(Stored data entries)
**********

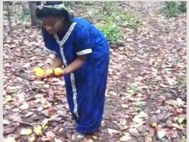
2. Ramassage des pommes (champ à Bondoukou)
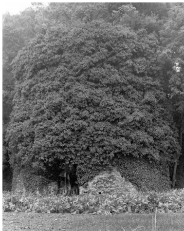
Vue d'ensemble du four à chaux du Cerisier depuis le Nord, chemin du Croissement, Montjean-sur-Loire.
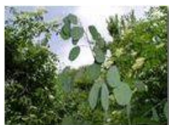
I frutti della Lunaria

Pietro Marcheselli - Olympus Camedia 3000 2004 - Estate - Savignone - Fiori&Fauna
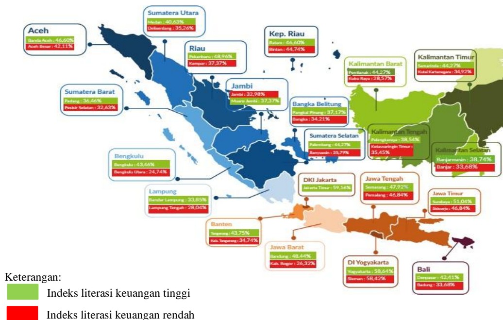
Gambar 1. Indeks Literasi Keuangan Tahun 2019 per Provinsi Berdasarkan Strata Wilayah

Gaya hidup konsumtif yang lebih mengutamakan citra sosial sering kali menyebabkan pengeluaran yang tidak terkendali. Jika tidak diimbangi dengan kesadaran dan disiplin finansial yang baik, hal ini dapat berdampak negatif pada generasi muda dalam mengelola keuangannya (Anjani & Wirawati, 2018). Akibatnya, mereka berisiko mengalami utang berlebih, kesulitan mencapai tujuan keuangan jangka panjang, atau bahkan menghadapi masalah finansial yang lebih serius. Selain itu, banyak tenaga kerja muda memilih merantau atau tinggal jauh dari orang tua, dengan salah satu pertimbangan utamanya adalah faktor ekonomi. Keinginan untuk mencari penghidupan yang lebih baik sering kali mendorong mereka berpindah ke daerah dengan kondisi ekonomi yang lebih menjanjikan. Faktor ini menjadi pendorong utama bagi tenaga kerja muda dalam upaya meningkatkan kesejahteraan finansial mereka (Tamrin, 2017).
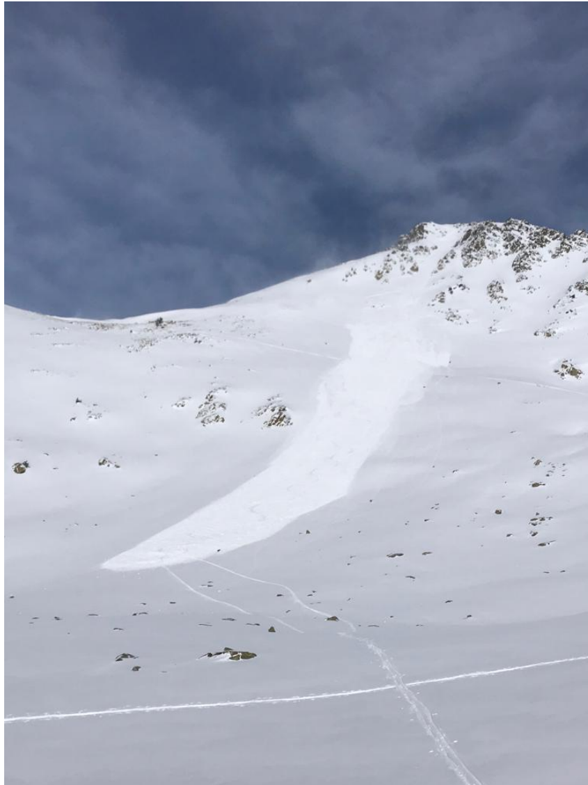
Imatge d'una allau de placa per neu ventada al vessant sud del Tuc de la Llança.
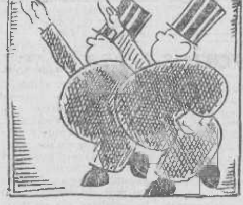
los clientes gordos de Herrera. (Pesuña negra y chistera.)
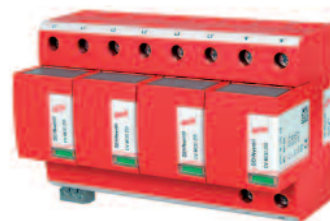
DEHNventil M TNS

Kombinovaný svodič bleskových proudů DEHNventil je nekompromisní svodič přepětí SPD typ 1, jehož srdcem je dvojnásobné jiskřiště. Tento svodič bleskových proudů se nasazuje co nejbližší vstupu napájecích vodičů do objektu. V podmínkách České republiky je nejčastěji použit DEHNventil M TNC, avšak třeba na území jižní Moravy, díky rozdělení na TN-S již v místě elektroměrového sloupku je třeba v hlavním rozváděči nasadit DEHNventil M TNS. Schematické zapojení ukazuje obr. 1. Hlavní výhodou kompaktního svodiče bleskových proudů DEHNventil je jeho velmi nízká ochranná úroveň U_p \leq 5 kV při jeho zatížitelnosti bleskovými proudy odpovídajícími třídě ochrany před bleskem LPL I. Pokud je vzdá-
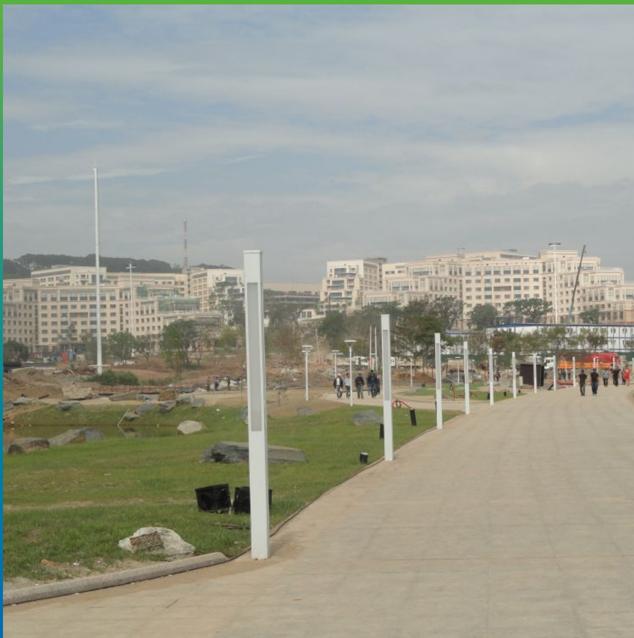
Вид на строящиеся корпуса
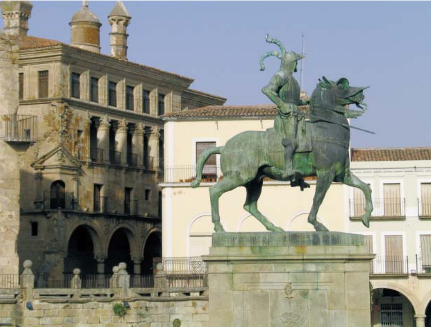
Trujillo. La Plaza Mayor, entièrement piétonne, est, le soir venu, un fantasmagorique théâtre d'ombres et de lumières surveillé par la statue équestre de Pizarro (bronze de C. Rumsey, 1927).
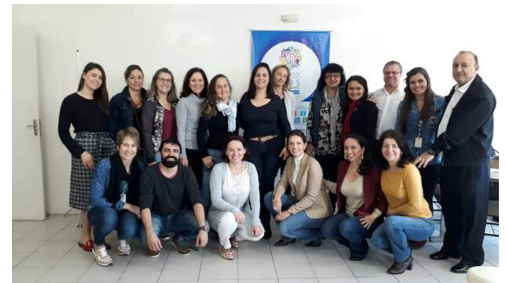
Capacitação para gestores
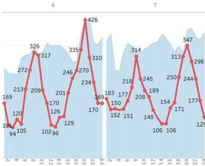
Динаміка ціни бази (Євро/МВт*год)
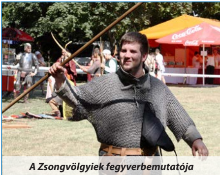
A Zsongvölgyiek fegyverbemutatója
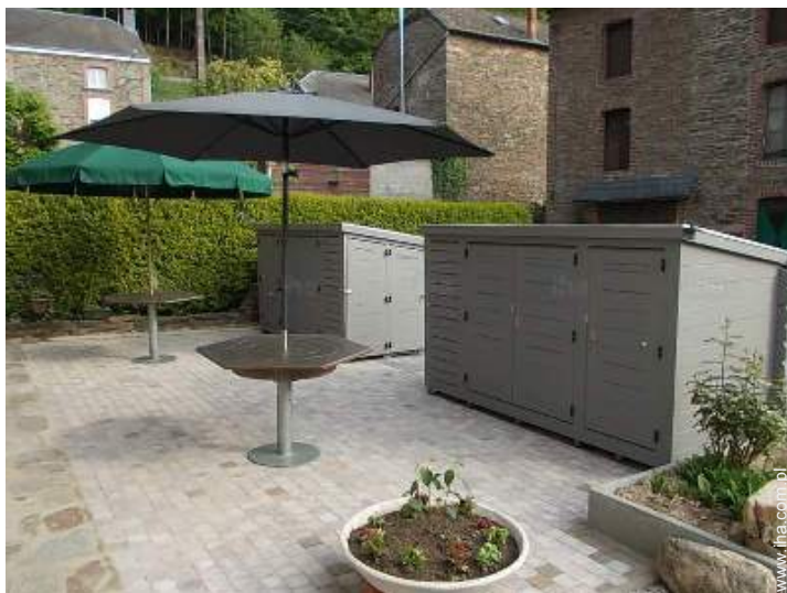
Wyposażenie zewnętrzne do dyspozycji gości
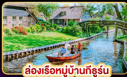
ล่องเรือหมู่บ้านกังหัน
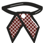
Галочка арт. 0415 БОРДОВАЯ В КЛЕТКУ
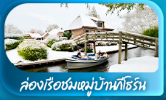
คลองเรือชมหมู่บ้านทอร์น

พิเศษ ล่องเรือแม่น้ำเซน ชมเมือง โดย บาโต มูช
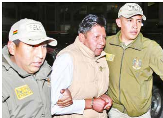
El alcalde de Achocalla, Manuel Condori.

Condori fue citado por la Fiscalía a declarar el 28 de noviembre en calidad de testigo. Tras varias horas de su comparecencia, abandonó esas insta-
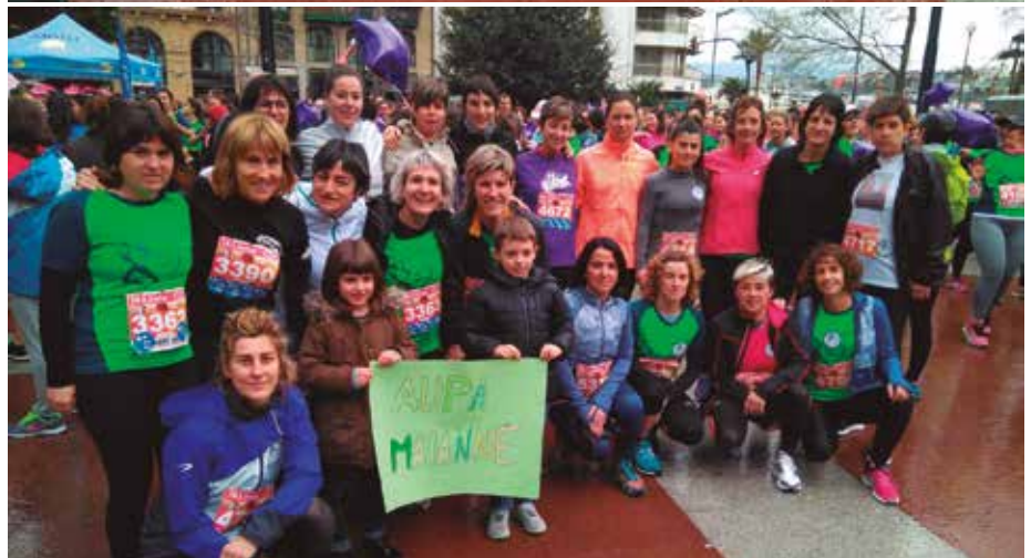
Gero eta gehiago dira Lilatoia egitera animatzen direnak. Aurten, 4.821 emakume.
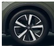
19" Catania, Elegance
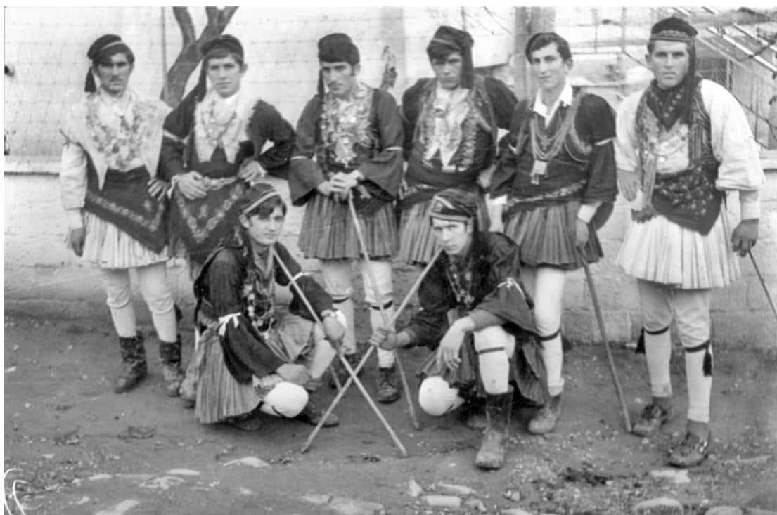
Ρουγκατσάρια 1972 στον Άγιο Γεώργιο Γρεβενών

Η Δυτική Μακεδονία πάντοτε είχε πολλούς ξενητεμένους σε όλα τα μήκη και τα πλάτη της γης ,επομένως δε θα μπορούσε να λείπει τραγούδι για τα σπίτια που είχαν ξενητεμένο που τον πρόσμεναν να γυρίσει για να τον δουν.
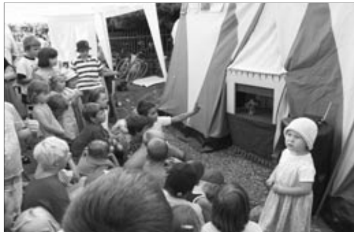
Malí diváci sledovali malé divadlo

Za to, že to všechno dali letos zase dohromady, se samozřejmě sluší poděkovat všem, kteří se tam starali a vystupovali. Ten, kdo nebyl vidět, ale všechno to zařídil, byl Petr Pánek (říká, že letos opravdu naposledy). Pódium tam nezištně dodal Josef Barchánek, plakát vyrobila paní Bláhová, krásné počasí opatřil... O. Hokr
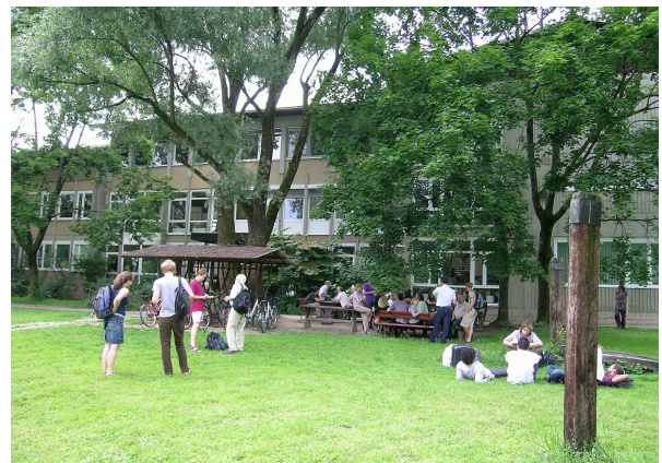
University of Ljubljana, life sciences / științele vieții - campus
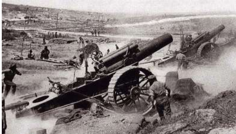
Тяжелая артиллерия времен первой мировой

Еще один пример, показывающий значимость артиллерии, это бои на линии Дунаец Горлице (май 1915). За 4 часа армия Германии выпустила 700 000 снарядов. Для сравнения, за всю франко-прусскую войну (1870-71) Германия выпустила чуть более 800 000 снарядов. То есть за 4 часа немного меньше, чем за всю войну. Немцы четко понимали, что решающую роль в войне сыграет тяжелая артиллерия.
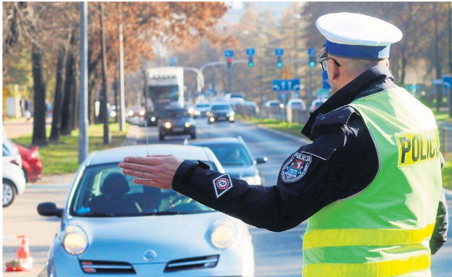
Dopuszczalne prędkości na drogach w Polsce to: 50 km/h w terenie zabudowanym, 90 km/h na drogach jednojezdniowych, 100-120 km/h na drogach ekspresowych, 140 km/h na autostradach. Zawsze należy jednak zwracać uwagę na znaki drogowe

W przypadku kierujących posiadających prawo jazdy krócej niż rok i limit 20 punktów karnych, konsekwencje wyciągane są, kiedy zdobywa minimum 21 punktów, czyli przekracza limit. W ich przypadku starosta wydaje decyzję o cofnięciu uprawnień. Oznacza to ponowne przejście całej procedury ubiegania się o prawa jazdy. Najpierw konieczny jest kurs, a później zdanie egzaminu teoretycznego i praktycznego.
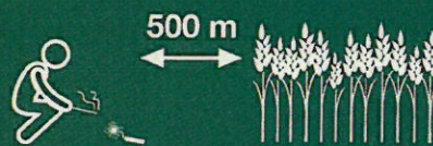
Coets i petards a prop de camps de cereals
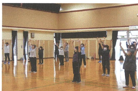
元気応援「健康体操」

10月からスタートする後期講座は、18講座を計画しており、9月1日（金）～20日（水）の期間に募集を行います。多数のご応募をお待ちしています。
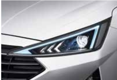
프로젝션 헤드램프 & 벌브 주간주행등 LED 주간주행등(DRL, 포지셔닝 포함)

**********

Your assignment: In the records above, tally the lines where the word "Condori" appears, and give the number and nothing else.

Solution to this exercise: 2